United States District Court, C.D. California

December 17, 2019

BRETT WALKER, Petitioner,
v.
D. ASUNICON, Respondent.

          ORDER DISMISSING PETITION FOR WRIT OF HABEAS CORPUS

          HON. SHASHI H. KEWALRAMANI, U.S. MAGISTRATE JUDGE.

         On August 6, 2018, Petitioner Brett Walker (“Petitioner”), proceeding pro se, signed and subsequently filed a Petition for Writ of Habeas Corpus (“Pet.” or “Petition”) pursuant to 28 U.S.C. § 2254, challenging his 2014 conviction of robbery with a gun enhancement. Electronic Case Filing Number (“ECF No.”) 1. Both parties have consented to proceed before a United States Magistrate Judge. ECF Nos. 2, 14.

         In the Petition, Petitioner alleges two sentencing error claims. Because neither of Petitioner's claims is cognizable on federal habeas review and because they also fail on the merits, the Court DENIES the claims and DISMISSES the Petition with prejudice.

         I. PROCEDURAL HISTORY

         A. State Proceedings

         On May 1, 2014, Petitioner pleaded no contest to one count of robbery and admitted a related firearm allegation in the Los Angeles County Superior Court. Electronic Case Filing Number (“ECF No.”) 16-1 at 4-5.[1] The trial court sentenced Petitioner to two years for the robbery plus ten years for the firearm enhancement. Id. Petitioner did not appeal and his conviction became final 60 days later, on June 30, 2014, when his time to file a notice of appeal ran. Cal. R. Ct. 8.308(a).

         Some three years later, on June 5, 2017, Petitioner constructively filed[2] a motion in the state superior court to modify his sentence under Proposition 57, arguing that his robbery conviction should be deemed a nonviolent felony so as to make him immediately eligible for parole consideration. ECF No. 16-2. The superior court denied the motion on June 13, 2017, finding that Proposition 57 does not apply to a violent crime such as robbery. ECF No. 16-1 at 5.

         Then, on June 18 and August 23, 2017, Petitioner sought relief again in the superior court, requesting that that court retroactively apply Proposition 57's juvenile justice reforms because he was a juvenile when convicted, and refer his case to the juvenile court for a fitness hearing. ECF Nos. 16-3, 16-4. The superior court denied the request in a reasoned order on September 1, 2017. ECF No. 16-1 at 6. Petitioner thereafter sought reconsideration of the superior court's order, which the superior court denied on October 4, 2017. Id.

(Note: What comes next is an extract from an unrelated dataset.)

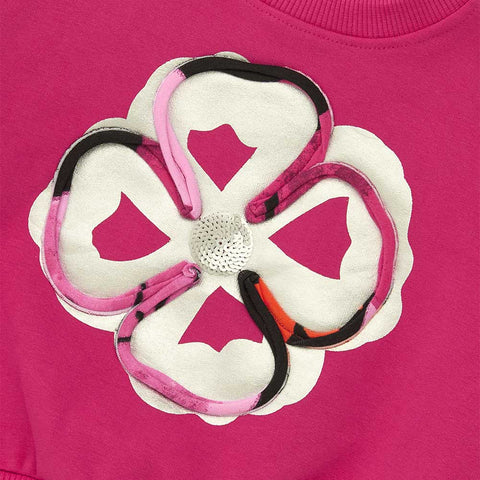 Survêtement de la ligne Vêtements Fille Tuc Tuc, avec sweat uni orné d'une fleur appliquée au centre et leggings à motif.

         In the meantime, on September 30, 2017, Petitioner constructively filed a petition for writ of mandate in the California Court of Appeal, requesting that his case be transferred to the juvenile court for a fitness hearing under Proposition 57. ECF No. 16-6. On October 24, 2017, the court of appeal summarily denied the petition. ECF No. 16-7.

         Next, on November 12, 2017, Petitioner constructively filed another habeas petition in the superior court, again asking that his case be transferred to the juvenile court under Proposition 57. ECF No. 16-8. The superior court denied the petition on November 21, 2017, reasoning that Proposition 57 is not retroactive to a case that has reached final judgment. ECF No. 16-1 at 7.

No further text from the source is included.